Фарадей слышал о районе красных фонарей на Третьей Северной улице и о том, какие споры это вызывало в обществе. Те, кто был против существования такого района, постоянно выступали за его закрытие. Но те, кто его защищал, считали, что он должен существовать, потому что все дамы работали с лицензией и периодически подвергались медицинскому осмотру. В зависимости от того, кто был у власти, этот район то закрывали, то открывали снова, но когда он был открыт, его женщины должны были строго выполнять все правила. Например, эти женщины могли идти за покупками на четыре шага поодаль. Фарадей пытался вразумить Беттину, объяснял ей, что эти дамы не занимаются своим ремеслом в непосредственной близости от нее. Но все его разговоры были напрасными. Она снова настаивала, чтобы он нашел им другое место.

Скоро Фарадей уже боялся приезжать в город, и если бы не потребность периодически прижимать к сердцу Моргану, он вообще бы никогда больше там не появлялся.

— И еще ты не принял во внимание приезд мистера Викерса, — язвительным тоном произнесла Беттина.

С тех пор как они покинули Бостон, Беттина регулярно получала от мистера Захарии Викерса открытки и письма из Африки, где он выполнял миссионерскую работу. Обычно на открытках были изображены нагие туземцы, а в письмах он ей рассказывал о своих столкновениях с львами и другими дикими хищниками.

Он прибыл на юго-запад, как поняла Беттина, чтобы привезти «бедным индейцам Аризоны» Библию, и собирался остановиться в Альбукерке на неделю в надежде убедить ее вернуться вместе с ним на восток. Он собирался в течение месяца вернуться в эти края еще раз и снова остановиться здесь, но уже за ответом.

Эта новость повергла Фарадея в панику. Если она согласится и вернется в Бостон? Что ему делать с Морганой? Тогда он не сможет продолжить свои поиски с мистером Уилером, не решится оставить Моргану в чьих-то чужих руках. Но и с собой нельзя ее брать!

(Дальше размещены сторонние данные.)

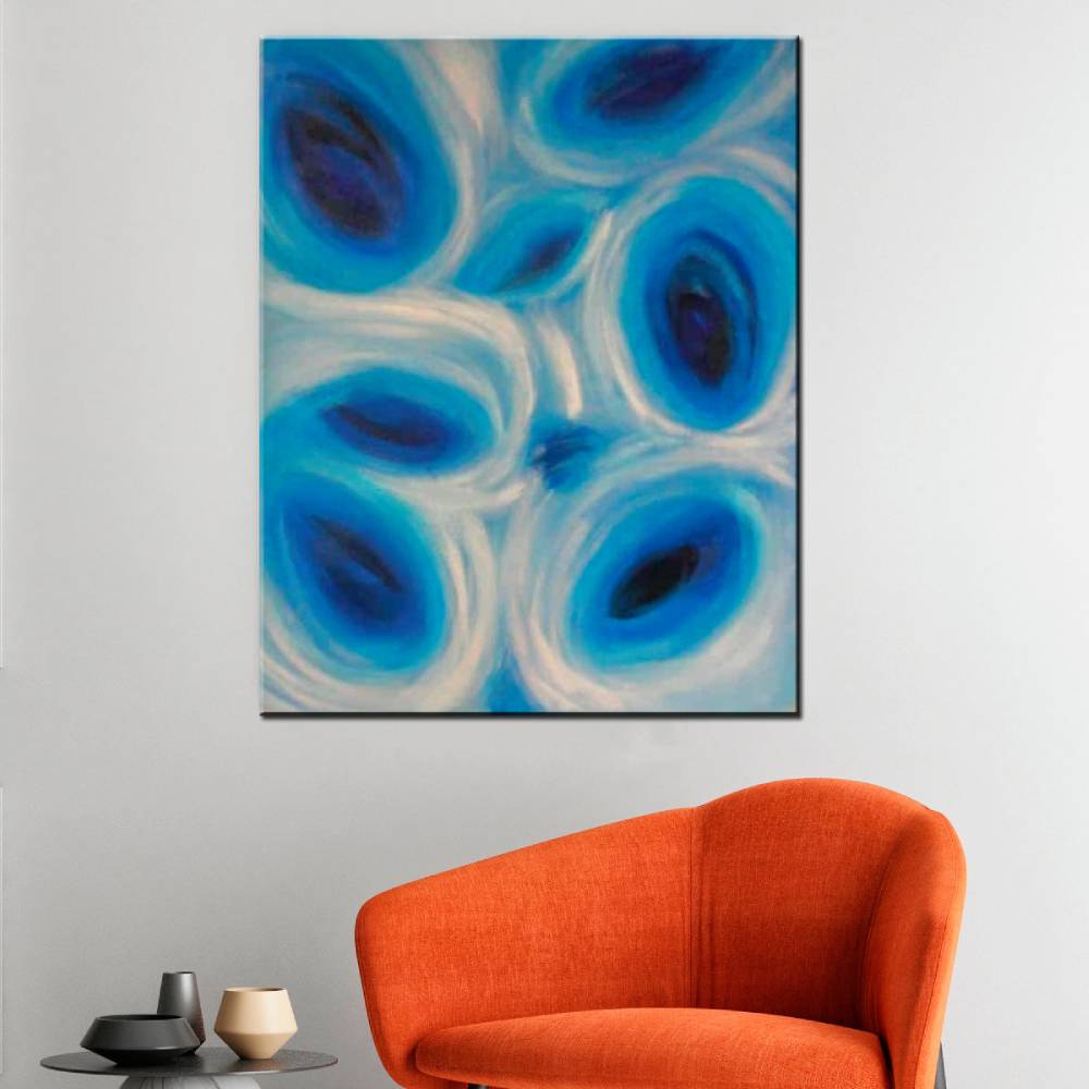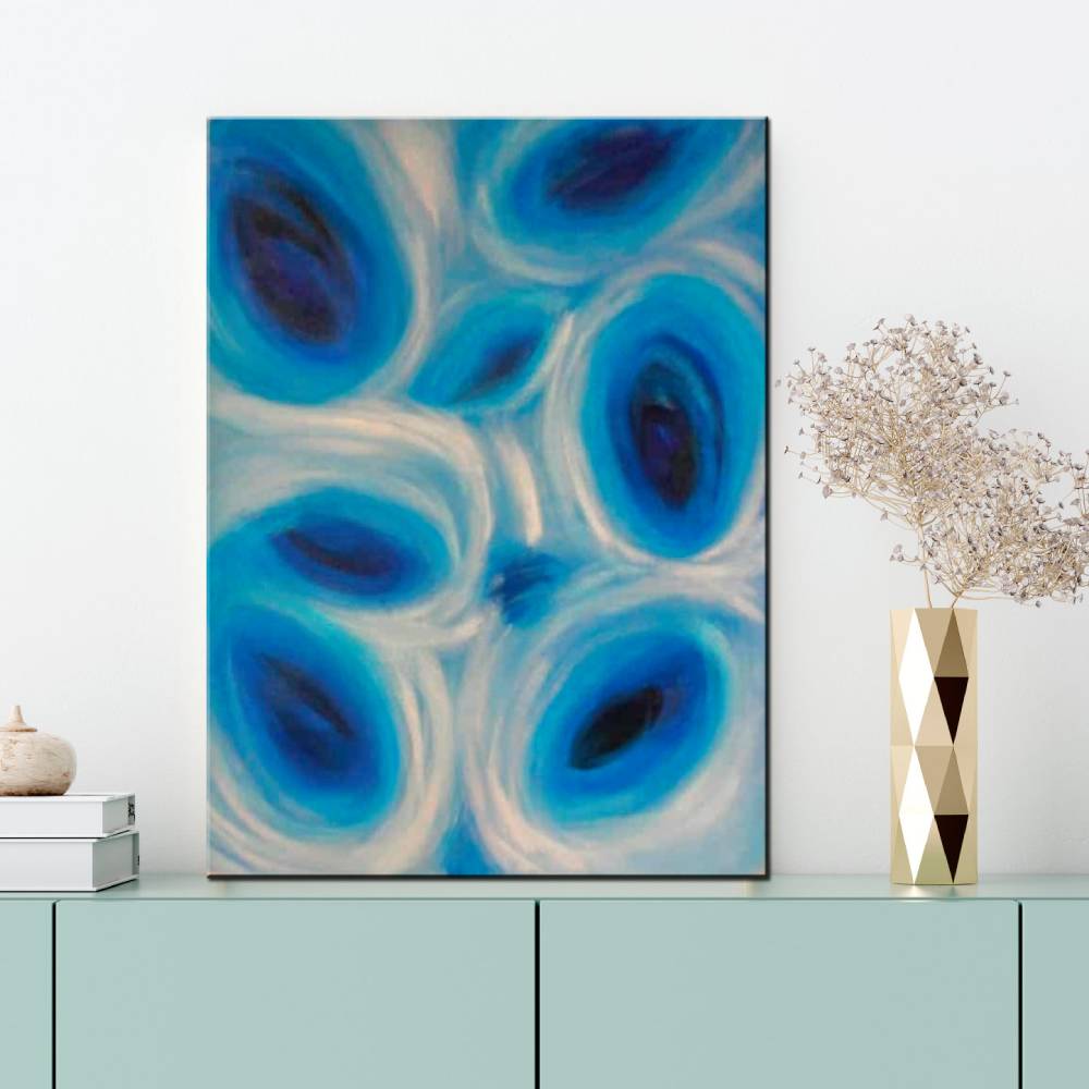Le tableau est de forme verticale, elle est livrée sur châssis et peut être accrochée facilement. Cette œuvre d'art abstrait est idéale pour décorer votre salon, votre chambre ou votre bureau, disponible en 3 dimensions :

На принятие решения Беттина дала ему ровно тридцать дней.

36

— Я не могу вам сказать, куда собираюсь. Извините, доктор Хайтауэр, но это секрет.

Но Фарадей настаивал, Уилер сдался и рассказал, что собирается отправиться в хоган к навахам, к одному из родственников своей жены, чтобы помогать во время ритуала исцеления. Фарадей умолял Уилера взять его с собой, поскольку он слышал о таких ритуалах и страстно хотел наблюдать за всем. Заручившись обещанием Фарадея вести себя тихо и с крайним уважением ко всему, что будет происходить, ковбой неохотно согласился.

Фарадей ликовал. Он заверил Уилера, что не станет мешать.

В Альбукерке он приобрел плоский, маленький чемодан для документов и газет, привязал к нему веревку, чтобы, освободив себе руки, нести его вместе с сумкой, в которой находились альбом для зарисовок, карандаши и древесные угольки. Он рисовал повсюду, куда бы ни ходил, будь то ритуальные танцы хопи, столовые горы или воющие на луну койоты. Рисунок священного ритуала навахов должен был увенчать его изобразительную коллекцию.

— А где место Богу во всем этом? — спросил Фарадей, когда они во время ленча сделали привал в лагере у ручья, а братья Пинто приготовили им ребрышки и бобы.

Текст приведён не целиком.